:: TASK MATERIAL ::

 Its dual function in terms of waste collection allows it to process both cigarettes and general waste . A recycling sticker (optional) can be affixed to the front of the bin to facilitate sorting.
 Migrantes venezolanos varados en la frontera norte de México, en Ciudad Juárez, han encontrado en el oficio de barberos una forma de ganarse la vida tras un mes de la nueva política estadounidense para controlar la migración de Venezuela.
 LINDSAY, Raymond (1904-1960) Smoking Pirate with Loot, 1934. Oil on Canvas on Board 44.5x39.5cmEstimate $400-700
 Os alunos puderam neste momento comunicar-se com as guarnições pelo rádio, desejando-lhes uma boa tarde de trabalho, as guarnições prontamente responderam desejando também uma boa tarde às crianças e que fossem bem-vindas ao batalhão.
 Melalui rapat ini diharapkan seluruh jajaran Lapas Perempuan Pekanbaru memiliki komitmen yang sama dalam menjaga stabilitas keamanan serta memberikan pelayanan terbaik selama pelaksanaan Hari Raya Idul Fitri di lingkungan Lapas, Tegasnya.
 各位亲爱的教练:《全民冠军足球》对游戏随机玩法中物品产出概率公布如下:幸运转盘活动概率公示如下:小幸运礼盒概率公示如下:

:::
:: TASK MATERIAL ::

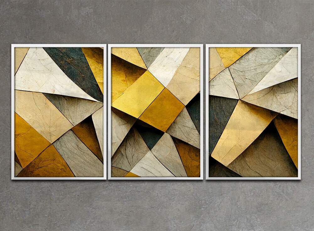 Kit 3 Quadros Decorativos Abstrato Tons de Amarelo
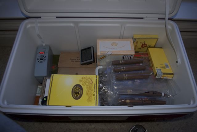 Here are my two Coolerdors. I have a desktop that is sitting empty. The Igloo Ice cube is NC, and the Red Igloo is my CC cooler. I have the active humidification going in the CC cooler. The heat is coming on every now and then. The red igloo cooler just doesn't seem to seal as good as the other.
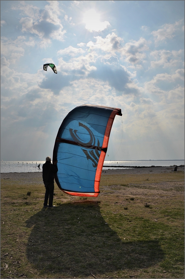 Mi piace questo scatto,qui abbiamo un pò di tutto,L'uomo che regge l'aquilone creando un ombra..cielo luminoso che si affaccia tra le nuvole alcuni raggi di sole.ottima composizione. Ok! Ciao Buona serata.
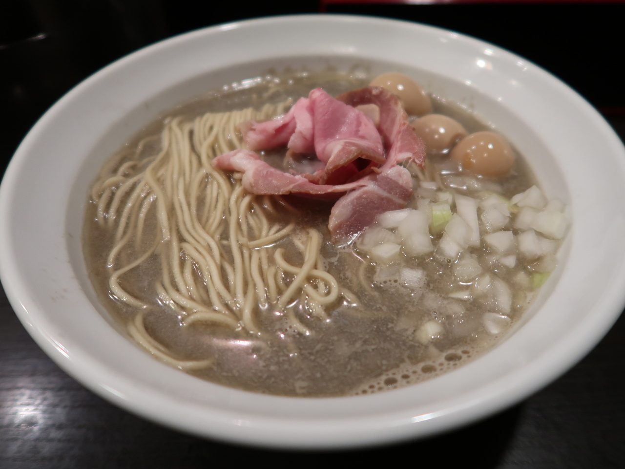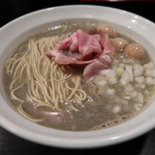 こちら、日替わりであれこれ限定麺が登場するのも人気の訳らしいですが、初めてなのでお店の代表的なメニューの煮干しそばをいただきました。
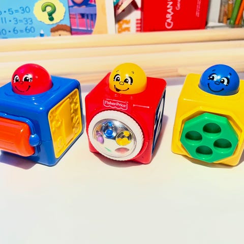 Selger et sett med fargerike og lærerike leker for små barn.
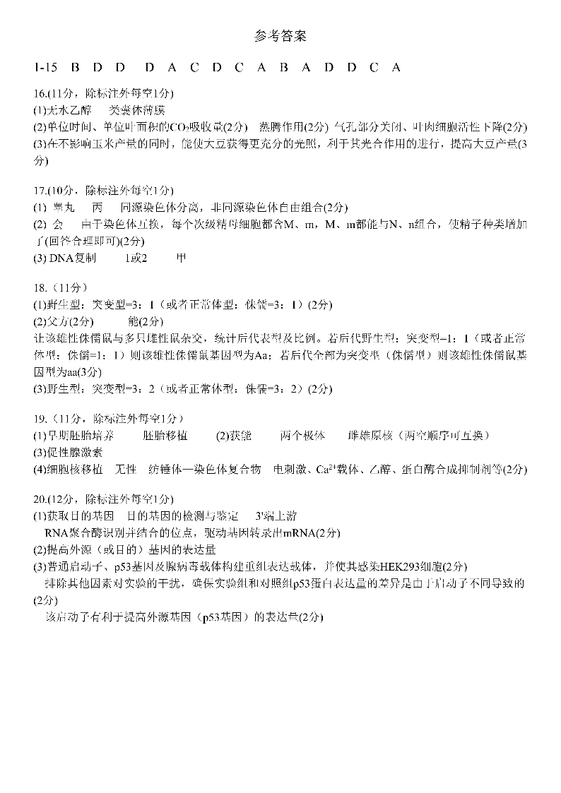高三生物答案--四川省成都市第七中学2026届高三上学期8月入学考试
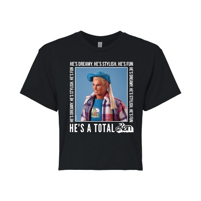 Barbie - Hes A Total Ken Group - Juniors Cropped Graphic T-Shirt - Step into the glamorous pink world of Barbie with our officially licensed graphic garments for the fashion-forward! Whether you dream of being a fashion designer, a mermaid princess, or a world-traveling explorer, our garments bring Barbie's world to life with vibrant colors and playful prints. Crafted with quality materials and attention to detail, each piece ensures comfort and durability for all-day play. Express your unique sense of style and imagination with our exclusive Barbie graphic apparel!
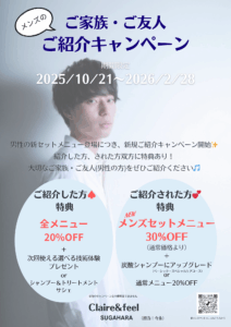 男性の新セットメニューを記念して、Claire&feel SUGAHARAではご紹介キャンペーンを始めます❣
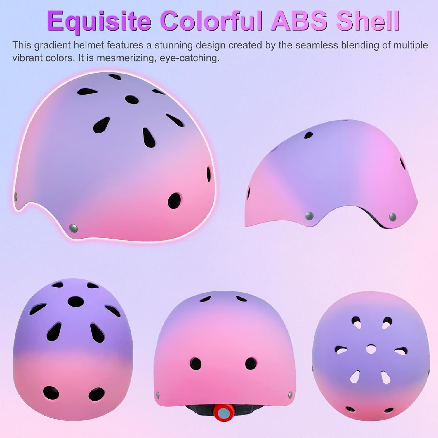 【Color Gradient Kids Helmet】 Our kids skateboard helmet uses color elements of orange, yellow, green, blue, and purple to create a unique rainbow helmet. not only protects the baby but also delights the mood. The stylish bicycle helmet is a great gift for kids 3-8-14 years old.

:::
:: TASK MATERIAL ::

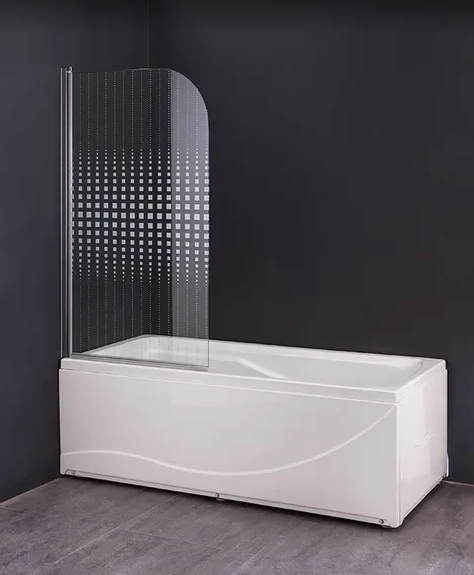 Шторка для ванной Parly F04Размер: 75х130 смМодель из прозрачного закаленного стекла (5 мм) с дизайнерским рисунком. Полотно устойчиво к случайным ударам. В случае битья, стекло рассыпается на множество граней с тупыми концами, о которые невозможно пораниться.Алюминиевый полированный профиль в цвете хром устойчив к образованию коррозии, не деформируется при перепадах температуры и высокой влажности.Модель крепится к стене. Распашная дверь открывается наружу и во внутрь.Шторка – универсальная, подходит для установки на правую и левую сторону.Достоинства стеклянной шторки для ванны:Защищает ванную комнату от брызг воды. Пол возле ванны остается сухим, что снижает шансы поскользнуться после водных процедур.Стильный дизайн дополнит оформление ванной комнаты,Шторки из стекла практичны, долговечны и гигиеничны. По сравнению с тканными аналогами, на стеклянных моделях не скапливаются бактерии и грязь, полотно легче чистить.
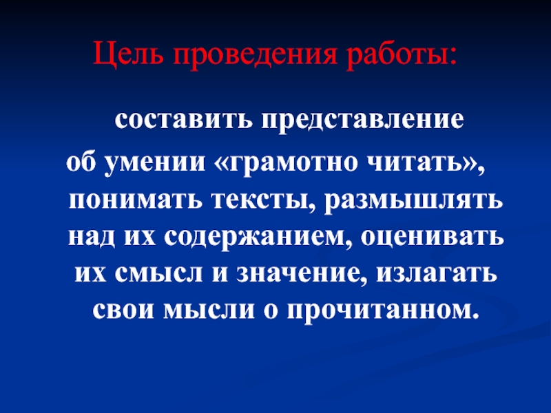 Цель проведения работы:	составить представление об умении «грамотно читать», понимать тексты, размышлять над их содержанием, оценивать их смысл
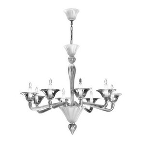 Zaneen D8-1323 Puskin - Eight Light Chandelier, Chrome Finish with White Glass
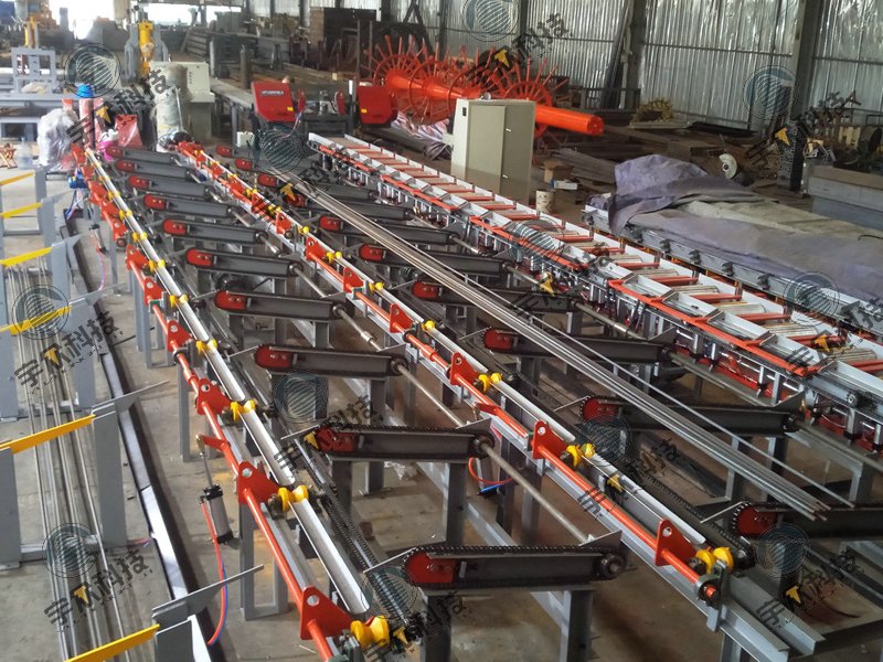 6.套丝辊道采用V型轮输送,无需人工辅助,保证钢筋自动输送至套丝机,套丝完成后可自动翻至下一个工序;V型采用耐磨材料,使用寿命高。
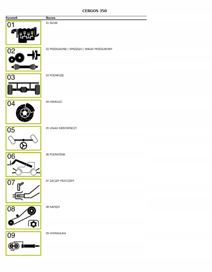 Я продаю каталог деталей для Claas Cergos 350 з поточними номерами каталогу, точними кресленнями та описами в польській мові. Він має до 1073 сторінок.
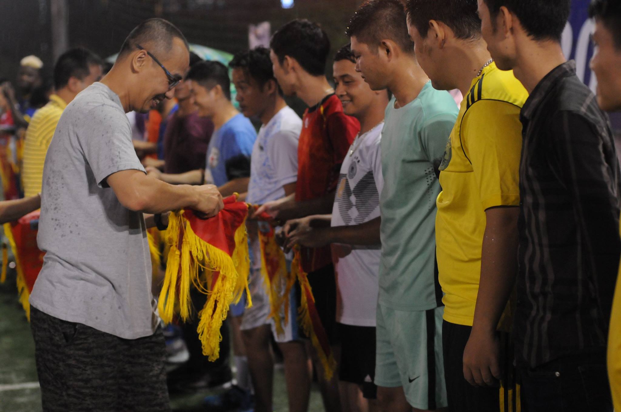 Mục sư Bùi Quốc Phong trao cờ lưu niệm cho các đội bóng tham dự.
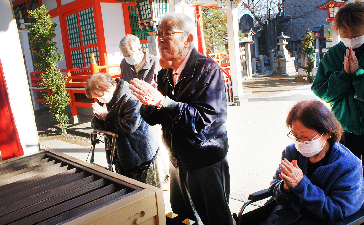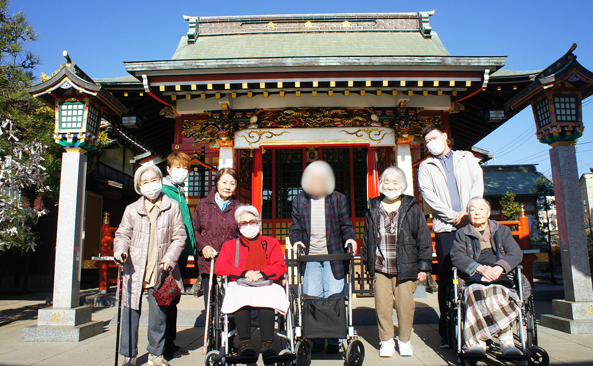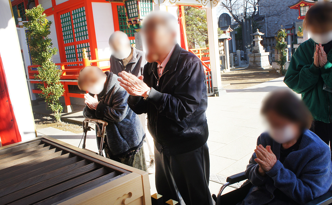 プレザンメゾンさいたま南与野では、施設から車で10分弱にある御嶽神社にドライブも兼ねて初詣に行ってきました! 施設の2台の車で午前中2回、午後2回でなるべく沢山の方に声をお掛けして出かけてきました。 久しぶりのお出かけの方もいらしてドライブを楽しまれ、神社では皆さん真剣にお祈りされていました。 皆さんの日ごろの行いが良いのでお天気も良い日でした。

:::

[ASSIGNMENT] Please give an exact copy of the entries above, from the line with "Its dual function" down to the line with "Migrantes venezolanos varados", inclusive, and nothing else.

[RESULT BELOW]
 Its dual function in terms of waste collection allows it to process both cigarettes and general waste . A recycling sticker (optional) can be affixed to the front of the bin to facilitate sorting.
 Migrantes venezolanos varados en la frontera norte de México, en Ciudad Juárez, han encontrado en el oficio de barberos una forma de ganarse la vida tras un mes de la nueva política estadounidense para controlar la migración de Venezuela.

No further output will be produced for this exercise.